Four-and-a-half years ago, my climb up the corporate ladder abruptly stopped. It seemed to me unlikely that I would find another job, so, as Martha Lane Fox suggested, as I couldn’t join them, I didn’t join them, and I set up Nosy Crow.

I have touched on my sense that I wasn’t, in the end, a great fit in a senior corporate role in both this blog post about being fired, and the radio programme it’s written about. I remember, as I thought about what I was going to say in that radio programme, that I had heard, in the couple of weeks leading up to it, two women say that they had been fired from senior corporate roles because they were “too outspoken”, and I sometimes wonder if male bosses expect men and women to behave differently: the same behaviour can be seen as assertive and strong in men, but aggressive and bossy in women. Maybe some women can “lean in” a bit too much for the comfort of some male bosses.

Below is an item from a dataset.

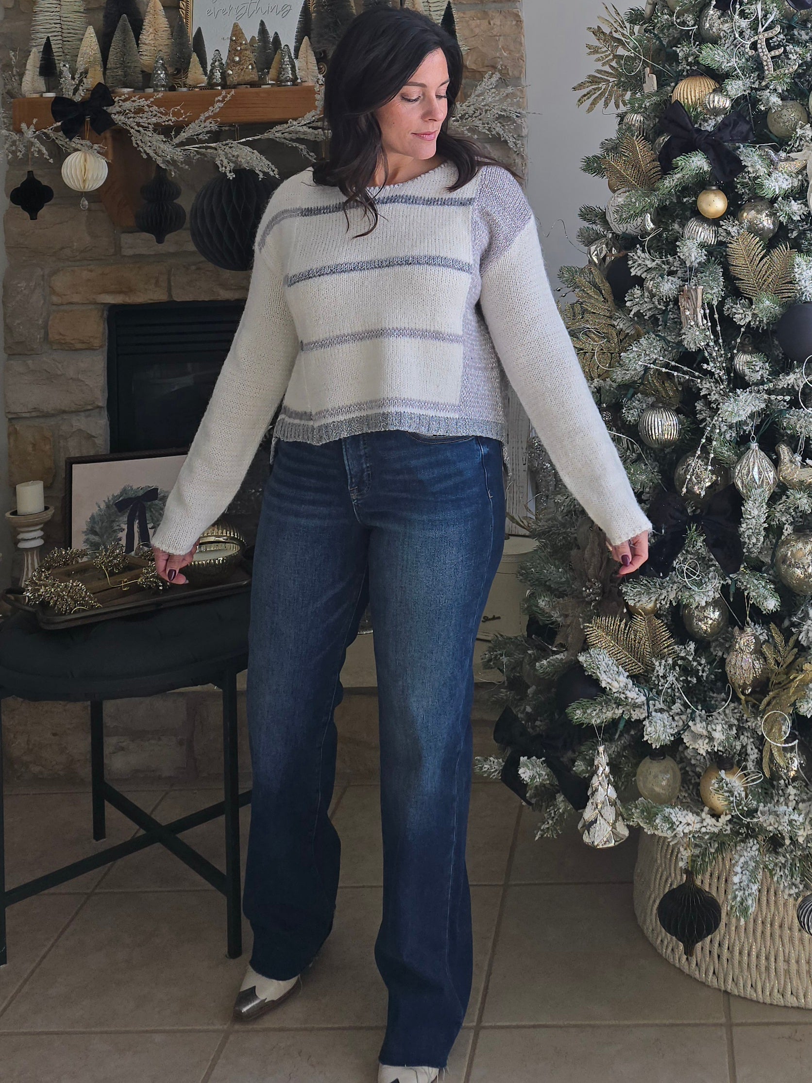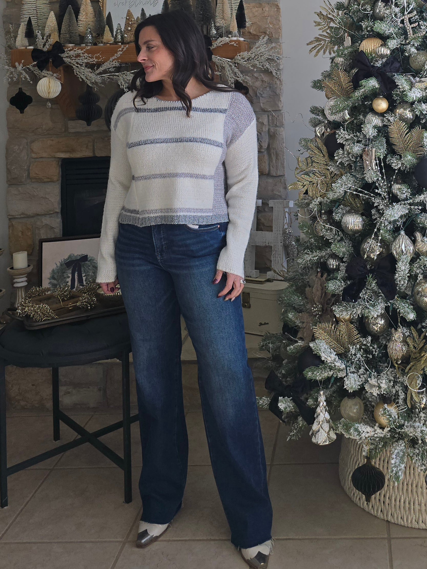 Soft, airy, and effortlessly modern, this sweater feels like wearing a cloud. Designed in a dreamy winter white knit with brushed grey striping, it features a relaxed, slightly boxy silhouette that drapes beautifully without feeling oversized. The textured hem and mixed-knit paneling add subtle dimension, giving this piece that boutique-exclusive look you'll love. Whether you're styling it casually with denim or pairing it with leggings for a cozy day, this sweater delivers comfort without sacrificing style. Lightweight enough for layering yet warm enough for chilly days, it’s the perfect everyday knit for winter and beyond.
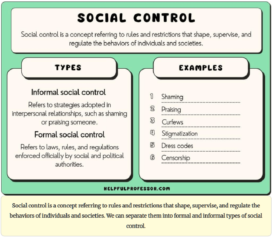 Social Control Examples Media representation: Negative media representation has the effect of stigmatizing social groups and pushing them to the margins of society.

When we set up Nosy Crow, we tried to avoid imposing corporate ways of working on staff. I wrote in this blog post about parents working at Nosy Crow, and in this one about working at home.

At Nosy Crow, our ratio of women to men is roughly 2:1. I’d be the first to acknowledge that our digital innovation was one of the things that drove the appointment of men, and the four most “techie” members of the team, in terms of their experience and job roles, are all men.

Today, knowing I was writing this, my older daughter said about balancing work and family, “I don’t intend to work for a corporation, so I would hope not to have the issues that people who aren’t self-employed have. The deal with being self-employed is that you can choose how much time you spend with your children, and how much time you spend on your work.”

And my younger daughter (the one I interviewed in the blog post I linked to above), said, “my perspective may change, but I don’t think that, when I start working I would be confident enough to set up on my own. After I’d gained more experience, though, I’d want my own company.”

Maybe the mantra for my daughters’ generation won’t just be “if you can’t join them, don’t join them”, but “if you can’t join them, beat them”. I rather hope so.